In 2006, I wrote about how my fiancee (my wife now) got a great job promotion in San Francisco. Somewhat reluctantly, I agreed to live more than 10 miles away from my birthplace for the first time in my life. I was 30 years old. I considered it a short-term move. After two years, we’d be eligible to move back and my wife would qualify for some of the top jobs in her field that Boston would have to offer. Sometimes it’s funny how life turns out.
Somewhere along the line, we began to love what is known as “the peninsula” – an area 10-15 miles south of San Francisco. When we first moved here, I remember having an application on my cell phone that would send me a text message of the week’s weather. It was convenient in Boston when you had to know whether it was going to snow or if you’d have a sudden heat wave. I deleted that application after about a month of living in the peninsula – I didn’t need to be reminded that it was going to be 75-85 and sunny every day.
Given the change of heart, we decided to look into whether it makes sense to rent or buy in the bay area. Real estate prices have dropped a lot recently. With mortgage rates low, it sure seems like the time to take advantage and buy. My wife thought it might be the right the time… how much could things continue to drop? I said, “I think I remember seeing some math on this once, let me see what I can dig up.” Fortunately, I remembered that Erica had written an article about whether it is better to buy or rent. In it she gave a couple of metrics:
- The average house should cost between 100x-150x monthly rent
- The average house should cost between 3-5x median annual income
Looking at the first metric, our $2100 rent now should buy a home between $210,000 and $315,000. However, in my area, it seems that townhouses equivalent to our apartment still run around $600,000. Granted that’s significantly less than the $783,888 asking price of this 1100 sq. ft. “fixer-upper” I found a year ago – it’s still not what I’d call a bargain by this metric.
Moving to the second metric… City-Data says my zip code has a median house $83,809 – projecting to a home price between $251,427 and $419,045. That’s a little closer to the $600,000, but it is still far from the national average. Again buying a house doesn’t make sense with this metric.
Why are these two ratios important?
If the cost of buying a house is much more than the cost to rent one, people will likely realize the value of renting. Some people have bought into the myth that “renting is throwing away money”, but I always say that I’d rent a mansion in my preferred location for one dollar a year without batting an eye. Throwing away that dollar allows me to save and invest my other dollars. I think it’s only a matter of time before everyone realizes that and discards the conventional wisdom.
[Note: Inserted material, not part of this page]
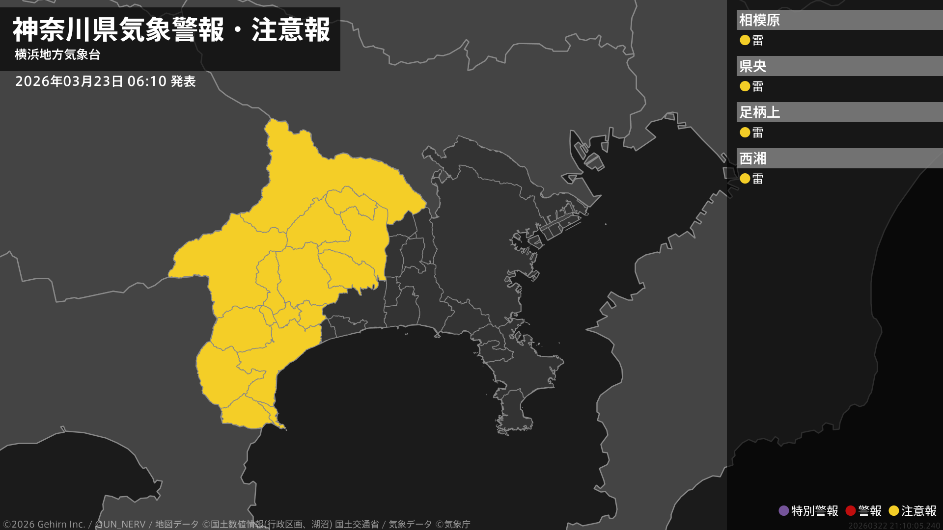 【神奈川県 気象警報・注意報 2026年03月23日 06:10】西部では、23日昼過ぎから23日夕方まで急な強い雨や落雷に注意してください。#気象警報注意報 #神奈川県

The second metric could be an indication of how people potentially paid too much for a house that their income couldn’t support. In other words, if a $83,000 income in other parts of the country supports a $350,000 home, what makes my location in California different?
What about affordability?
There’s another ratio called the affordability index. From what I’ve found it measures the actual monthly cost of the mortgage to take-home income. A number over 100 typically means that people have more than enough money for a median price home. A number less than a 100 typically means that they don’t have enough. According to the California Building Industry Association San Francisco and the peninsula have an affordability index of 16.6 as of Q3 2008 (PDF). But it’s on an uptrend… and in about 20 more quarters of similar gains, it might approach “affordability.”
It’s very possible that the rent vs. buy in this area of California never get back to the national levels. It seems that people are simply willing to pay more to live in this area of the country. Nonetheless, I can’t see the value of buying in this local market – yet. I’ll continue to evaluate the numbers, perhaps using this handy calculator of Buy or Rent from the New York Times.
What about you? Did you do this kind of analysis before you decided whether it was worth buying or not? I realize in much of the country the exercise won’t lead to the big difference I found. It’s still good practice to run the numbers to make sure.